When the qualified name (e.g. Shape.constructor) exists in the project only in a different file than the caller — because the caller's own file's same-named base class has no explicit definition of that method (e.g. an implicit default constructor) — the walk returns the wrong file's match instead of either continuing up the hierarchy or giving up.

Repro (observed empirically while validating PR for #1929)

Two independent fixture files, each defining an unrelated class named Shape:

hierarchy.ts:

export class Shape {
  area(): number { return 0; }
}
export class Circle extends Shape {
  constructor(private radius: number) { super(); }
  ...
}

super-dispatch.ts (a different, unrelated hierarchy):

export class Shape {
  constructor(public name: string) {}
}
export class Polygon extends Shape {
  constructor(name: string, public sides: number) { super(name); }
}

Building this project produces:

Circle.constructor@hierarchy.ts -> Shape.constructor@super-dispatch.ts       (WRONG — cross-file, unrelated class)
Rectangle.constructor@hierarchy.ts -> Shape.constructor@super-dispatch.ts    (WRONG)
Polygon.constructor@super-dispatch.ts -> Circle.constructor@hierarchy.ts    (WRONG)
Polygon.constructor@super-dispatch.ts -> Rectangle.constructor@hierarchy.ts (WRONG)
Polygon.constructor@super-dispatch.ts -> Ellipse.constructor@hierarchy.ts   (WRONG)

hierarchy.ts's Shape has no explicit constructor (implicit default), so Circle.constructor's bare super() call should resolve to no target (there is no declared Shape.constructor symbol in hierarchy.ts at all) — instead it cross-contaminates with the unrelated Shape class in super-dispatch.ts.

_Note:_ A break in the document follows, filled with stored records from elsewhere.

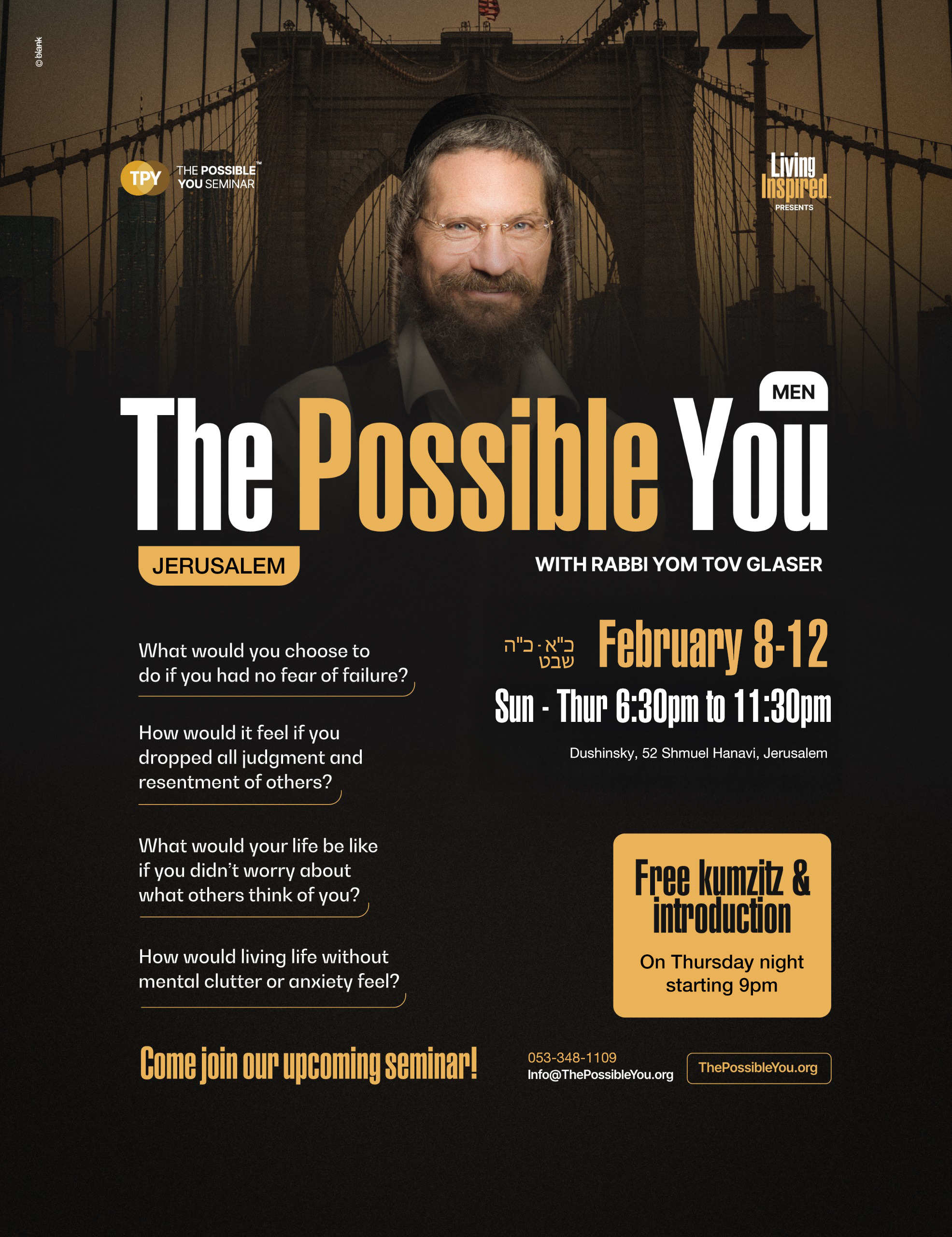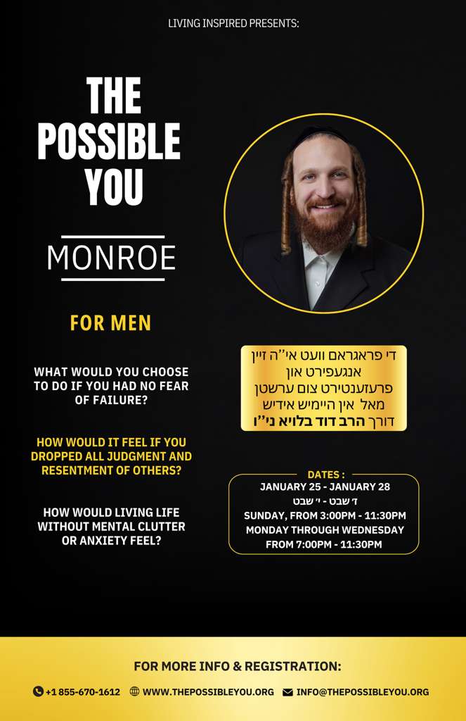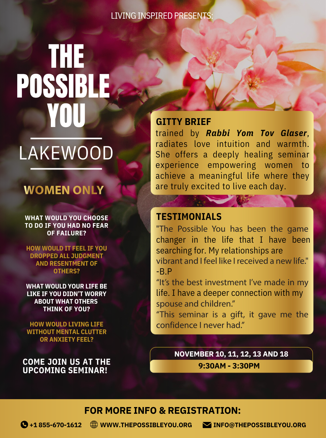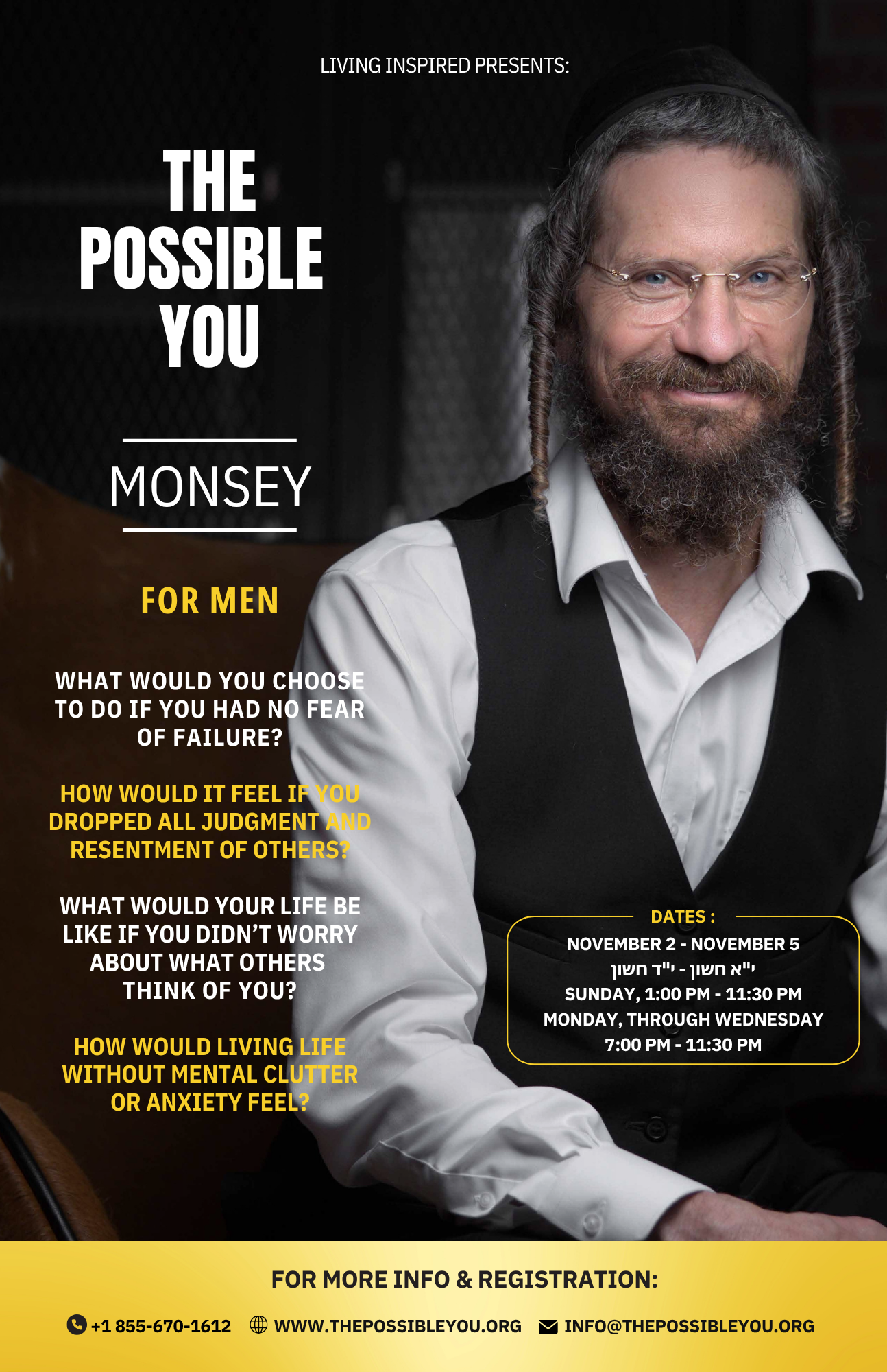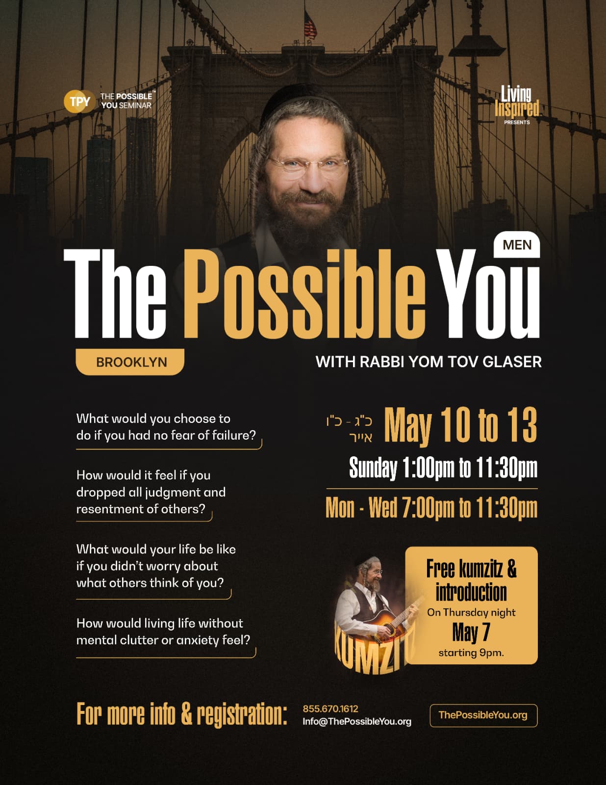 The Possible You seminar is a transformative experience designed to help individuals uncover their potential, break through personal barriers, and create meaningful change in their lives. Through introspection, guided exercises, and deep connection, participants gain clarity, empowerment, and tools to achieve their goals and build stronger relationships. Led by Rabbi Yom Tov Glaser, the seminar offers a safe and supportive space for growth, healing, and discovering new possibilities.
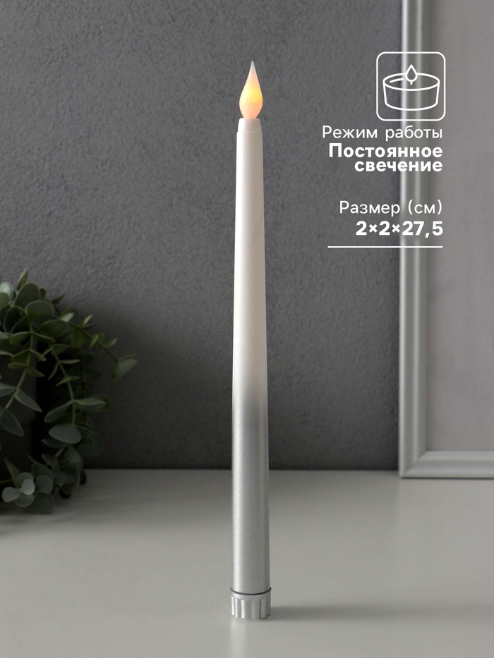 Создайте атмосферу уюта и романтики с этим элегантным решением для мягкого освещения. Две изящные светодиодные свечи в серебристом исполнении добавят интерьеру нотку тепла и гармонии, полностью имитируя настоящее пламя без всякого риска.
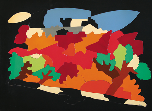UGO NESPOLO Mosso Santa Maria (Bi) 29/08/1941  Senza titolo (bozzetto) tecnica mista su cartone fustellato cm. 70x100, firma in basso a destra e al retro, dichiarazione d'autenticità dell'artista su foto.

This dropped TypeScript resolution-benchmark precision from ~100% to 73.8% in local testing (caught before merging, so the actual fixtures were renamed to avoid the collision rather than shipping the false positives).

Impact

Any project with multiple small classes sharing a common base-class name across different files (e.g. many files defining their own local Base/Shape/Handler class) is at risk of spurious this/super/bare-super(...) call edges pointing to a completely unrelated file, whenever the caller's own same-named ancestor happens not to define the specific method being dispatched.

Suggested fix

When found has no same-file candidate, don't immediately return the global match — either:

  1. Verify the candidate is reachable via the caller's own extends chain (cross-file heritage — legitimate, e.g. importing a base class from another file) before accepting it, or
  2. Continue walking chaCtx.parents past current looking for a resolvable same-file (or heritage-verified) match, only falling back to a global match when the class hierarchy has been fully verified to cross file boundaries via actual import/extends relationships (not just name equality).

This affects the shared TS resolver used by both engines (WASM's own buildCallEdgesJS/buildChaPostPass, and the native engine's runPostNativeThisDispatch post-pass both call into resolveThisDispatch), so a single fix in cha.ts covers both.